The Impact of Data Deduplication on the Backup Process
Table Of Contents
There are many misconceptions about data deduplication, and making decisions based on those misconceptions can produce undesirable (and unplanned) results. For instance, deployment of the wrong type of deduplication typically results in:
- excessively high disk usage and using as much as three times the bandwidth for offsite replication,
- slower backup storage ingest due to inline compute-intensive data deduplication that greatly slows backups down and expands the backup window,
- slower restores, VM boots, and tape copies that can take hours or even days due to the time-consuming rehydration of deduplicated data, and
- backup windows that continue to expand with data growth.
Choosing a disk storage and data deduplication solution will have a major impact on the cost and performance of your backup environment for the next three to five years.

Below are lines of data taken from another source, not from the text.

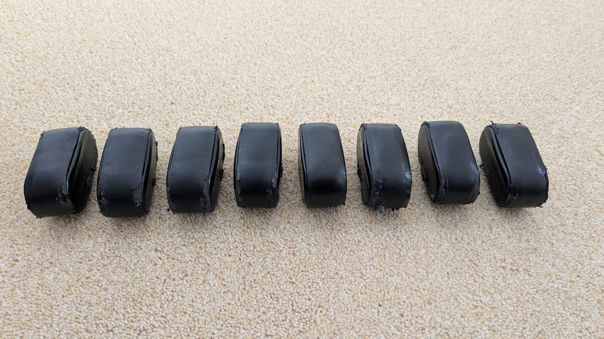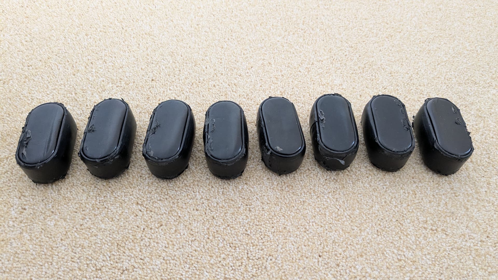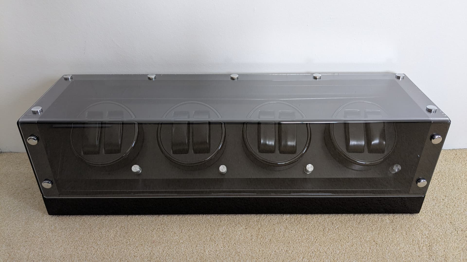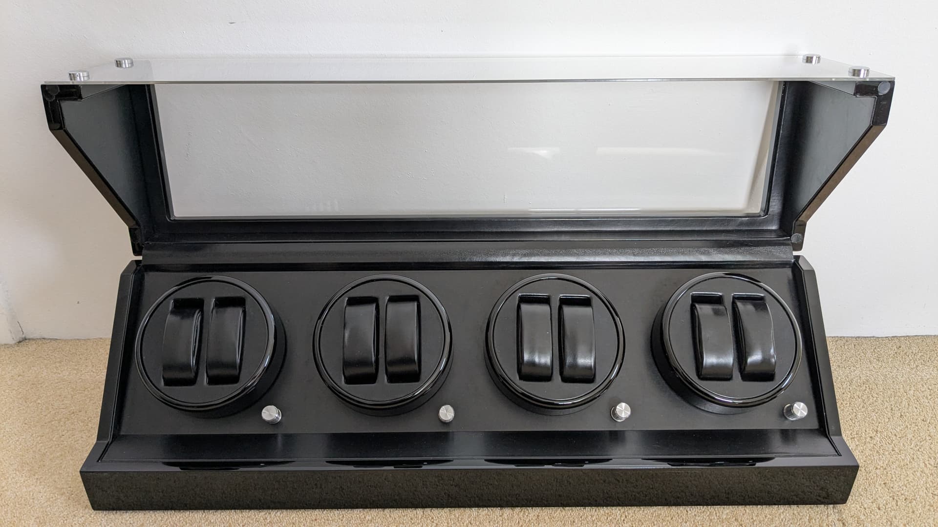 Deze horlogewinder is zo’n 5 jaar gebruikt. De motoren draaien stil en soepel maar ze draaien niet allemaal exact dezelfde snelheid. De kussentjes hebben rondom slijtplekken. De omtrek van het kussentje is 16.5-17.0cm en met de ongebruikte “buitenband” is dat zo’n 19.0-19.5cm. Bij Chinese discounters zijn wellicht vervangende kussentjes te koop (breedte 28mm en lengte 70mm).
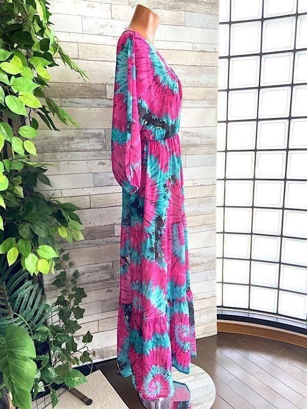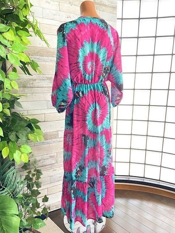 エキゾチックな魅力が詰まったアフリカンカラーがステキなロングワンピースです。華やかなピンクとブルーのアフリカン柄が、どこか異国情緒を感じさせますよ。
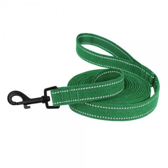 Поводок для собак Bronzedog Сotton рефлекторный х/б брезент Стандарт, Изумрудный M 200 см, 2 см

What is “data deduplication”?
Data deduplication looks at incoming data, breaks it into smaller block or zone sizes, and then utilizes different techniques to compare the blocks or bytes within. Only unique blocks and bytes are stored so that redundant data doesn’t take up valuable disk space. For primary storage or archive storage, the deduplication ratio ranges from 1.2:1 to as high as 1.8:1. This is actually the same as, or worse than, standard data compression, so data deduplication doesn’t bring much value to primary or archive storage – but backup is different.
With backup, multiple copies are kept for version history. It isn’t uncommon to keep 12 weeks of backups and then monthlies for 3 years. In this case, you’d have over 40 copies, and data retention is where data deduplication has the most value. If you have a 100TB full backup and keep 40 copies, you’d need 4PB of disk. Even if you compress the data at 2:1 using standard compression, you’d still need 2PB of disk. Using data deduplication, the first 100TB copy can be stored in about 50TB of disk, and each subsequent copy will require about 2TB since approximately 2% of the data changes each week (i.e., 2TB on a 100TB full backup). In this example, you’d have 50TB plus 78TB (2TB per week x 39 copies) equals 128TB of disk.

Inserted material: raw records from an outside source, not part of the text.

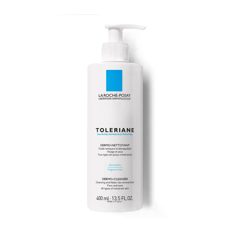 Le Toleriane Dermo-Nettoyant de La Roche-Posay est un fluide nettoyant doux, sans parfum, spécialement formulé pour les peaux sensibles, intolérantes ou sujettes aux allergies. Il nettoie et démaquille le visage et les yeux en douceur, tout en respectant l'équilibre cutané. Sa formule contient de la glycérine pour hydrater et apaiser la peau, et de l'eau thermale de La Roche-Posay pour ses propriétés calmantes.
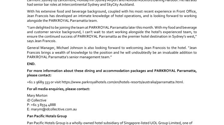 General Manager, Michael Johnson is also looking forward to welcoming Jean Francois to the hotel. “Jean Francois brings a wealth of knowledge to the position and he will undoubtedly be an invaluable addition to PARKROYAL Parramatta’s senior management team.”
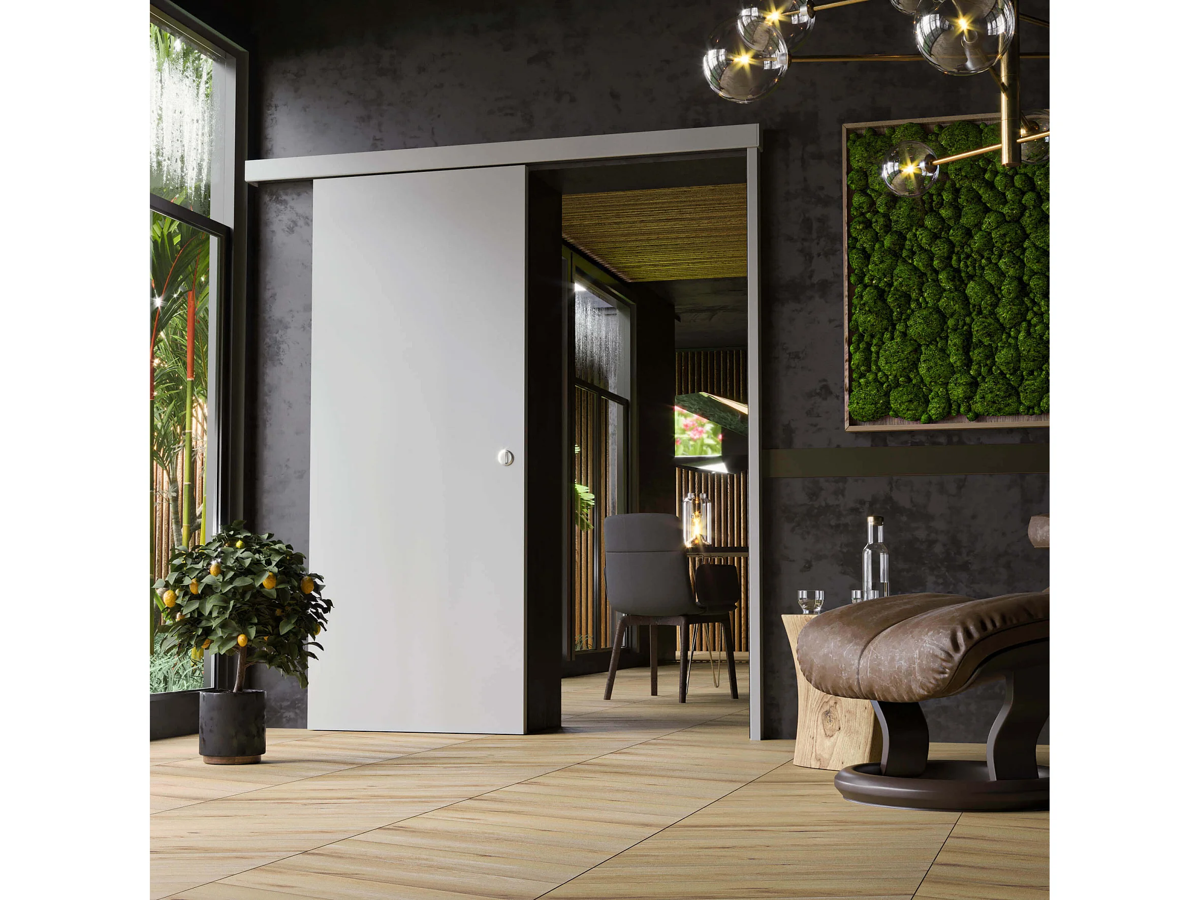 Porte Coulissante avec Rail - Prépeinte Plane 83 cm - Avec butée
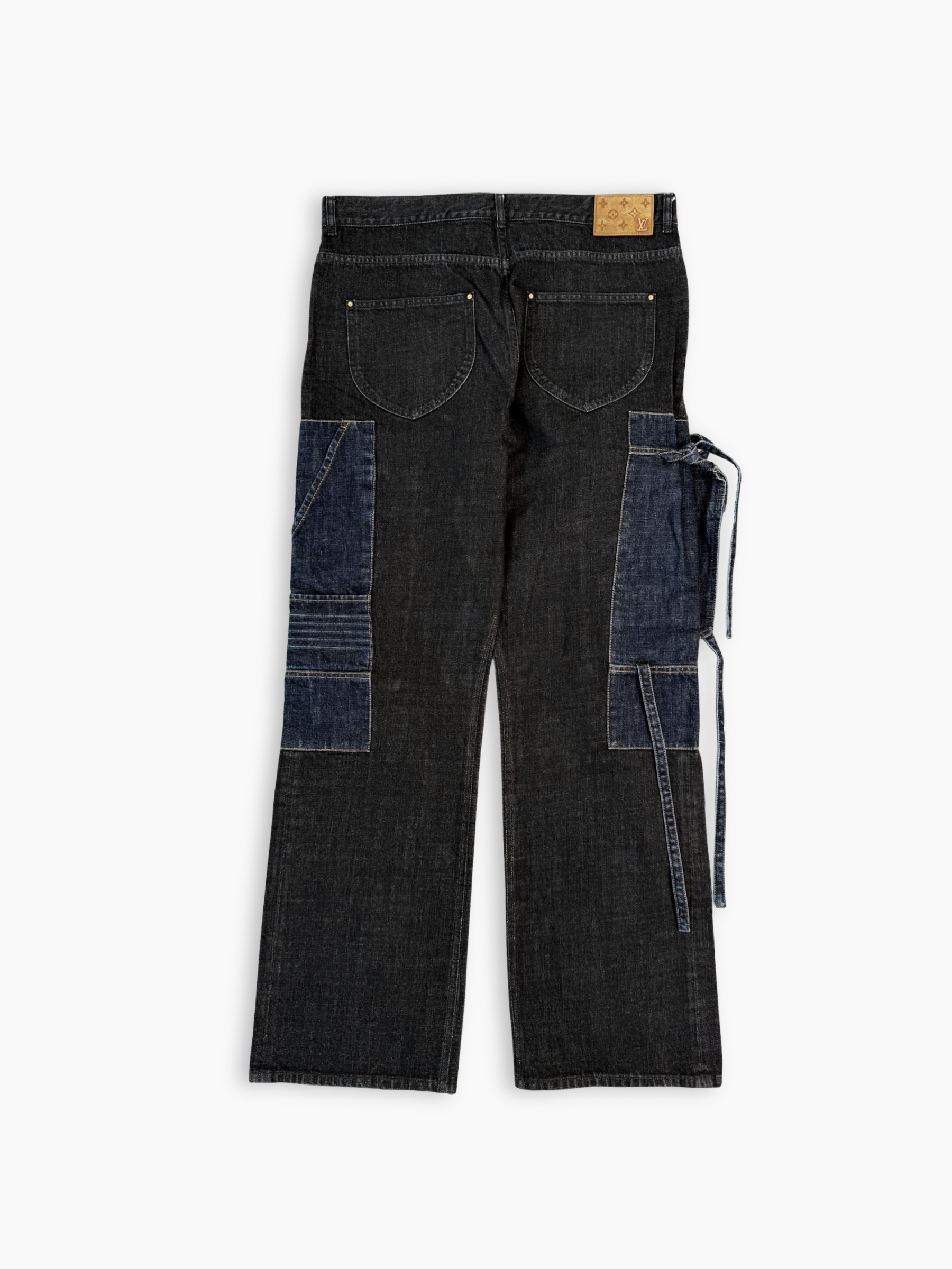 Jeans cargo neri in denim con ampie tasche laterali in tessuto patchwork blu a contrasto. Le tasche applicate presentano cuciture marcate e dettagli funzionali, tra cui lacci e scomparti multipli, che richiamano l’estetica utility contemporanea. Il design straight fit unisce praticità e stile, rendendo questo capo perfetto per outfit streetwear dal carattere deciso. Realizzati in cotone robusto, offrono comfort e resistenza per l’uso quotidiano.

The deduplication ratio is calculated by taking the amount of disk required without data deduplication divided by the amount of disk required with data deduplication. In the example, 4PB divided by 128TB equals a deduplication ratio of 31:1. The longer the retention period, the greater the deduplication ratio. If you keep one copy for retention, you may achieve 1.8:1, and if you keep four copies you might achieve 3:1; however, at 18 copies, the industry average is about 20:1. The industry average deduplication ratio of 20:1 is calculated at about 18 weeks of retention.

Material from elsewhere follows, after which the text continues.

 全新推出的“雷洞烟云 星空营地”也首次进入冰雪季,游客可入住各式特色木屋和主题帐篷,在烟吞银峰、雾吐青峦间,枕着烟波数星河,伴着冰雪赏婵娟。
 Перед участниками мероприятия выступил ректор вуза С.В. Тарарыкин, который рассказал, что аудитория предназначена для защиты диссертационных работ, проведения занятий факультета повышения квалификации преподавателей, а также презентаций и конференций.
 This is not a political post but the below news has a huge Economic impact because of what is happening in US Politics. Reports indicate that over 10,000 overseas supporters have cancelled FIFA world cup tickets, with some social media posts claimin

Is all data deduplication created equal?
No, and the differences are significant. Unlike standard data compression where the most you can achieve is 1.8:1 or 2:1, data deduplication is all over the map based on the deduplication method used. Vendors employ vastly different approaches, depending on how much resource (processor and memory) can be applied.
Backup applications that perform data deduplication on the media server use less aggressive algorithms to minimize processor and memory usage and, as a result, they achieve a much lower deduplication ratio. Target-side appliances that have built-in, dedicated processor and memory use much more aggressive algorithms and therefore achieve higher deduplication ratios. The lower the deduplication ratio, the more disk will be used over time (especially with longer-term retention) and the more bandwidth will be required for replication. Using deduplication in the backup application may save money up front, but over time the cost will be three to four times that in additional disk and bandwidth.
Typical backup application deduplication:
- 1MB blocks = 2:1
- 128KB blocks = 6:1
- 64KB blocks = 8:1
Typical target-side appliance deduplication:
- 8KB blocks = 12:1
- 8KB blocks with variable-length content splitting = 20:1
- Byte level = 20:1
- Zone stamps with byte level compare = 20:1
It’s important to know what approach is being used by the backup application or target-side appliance since the related costs for disk and bandwidth can vary greatly.
What factors most impact the deduplication ratio?
There are three variables that have the biggest impact on deduplication ratio:
- Retention period – A longer retention period provides more backup copies in which to find repetitive data, so the deduplication ratio will be higher.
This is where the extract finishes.